Vocations don’t need to last forever they can often be seasonal things. We also have a number of vocations – serving our family is a vocation from God. We can get into finding our vocations in another post. For now, the point is that all work is seen by God as ‘good works’. See Eph 6: 5 – 7 in this light and things change.
This has been liberating for me for this reason: all throughout most of my twenties I did a job I hated. For eight years I did regular two-o’clock-in-the-morning stints, found myself constantly frustrated, and pretty much hated life. It was an endless slog that sent me into deep despair. Day after day I saw myself sinking into this deep dark pit of meaninglessness. Life felt utterly meaningless. I mean, it sucked. I tried to console myself through my music and my work at my church, but it all just wasn’t fitting.
At last, about five years ago, I grabbed at a chance to get out – I took a voluntary retrenchment and started freelancing as a writer. That, too, over the years has brought its own frustrations – especially the frustration of not being where I want to be yet. I want to be writing books, not writing articles all day. And that dream is nowhere near coming to pass.
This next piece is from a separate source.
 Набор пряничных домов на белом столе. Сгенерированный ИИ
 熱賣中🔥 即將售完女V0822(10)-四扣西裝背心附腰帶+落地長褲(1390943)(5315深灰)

Here’s the thing: I always looked back at those years as wasted years. I felt my job meant nothing to me or to others or even to God. I felt I had no impact on anyone’s life and did a botched up job not only in the work environment (ultimately, everything I worked at failed) but also never did anything I thought God would be interested in (no one got saved, no one cared). But, looking at it through this new lens, not one day was a waste. God saw all the hard work for the company as good works. God is not just interested when we help old grannies cross the road. He sees it all as good works. And he rewards good works.
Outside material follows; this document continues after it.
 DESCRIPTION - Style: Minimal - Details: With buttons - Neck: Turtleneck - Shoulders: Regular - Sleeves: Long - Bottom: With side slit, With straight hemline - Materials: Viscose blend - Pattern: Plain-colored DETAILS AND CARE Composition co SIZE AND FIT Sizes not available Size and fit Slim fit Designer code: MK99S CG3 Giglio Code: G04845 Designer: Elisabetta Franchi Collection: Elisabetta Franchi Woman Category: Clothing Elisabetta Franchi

His rewarding I’ll need to expound on in a further post as this one’s getting a bit long. For now, though, you can see why the Doctrine of Vocation had such an impact when the Reformers saw it. None of our work done is in vain. In fact, the idle rich are the ones who, despite living the ‘good life’, are going to be in trouble sooner or later. Jesus said that many who are first will be last, and many who are last will be first (Matt 19:30). The guy who collects the rubbish, who works harder than the rich man who lives off an inheritance, will collect a far larger reward either in this life or the life to come. The rubbish collector doesn’t need to have a zillion people ‘come to Christ’ or stop slavery or create some new technology for God to count his work as good. He may die in obscurity to us, but never to God.
Suddenly, everything carries meaning as everything is counted as love towards my neighbour. That’s liberating. Motivating. And inspiring.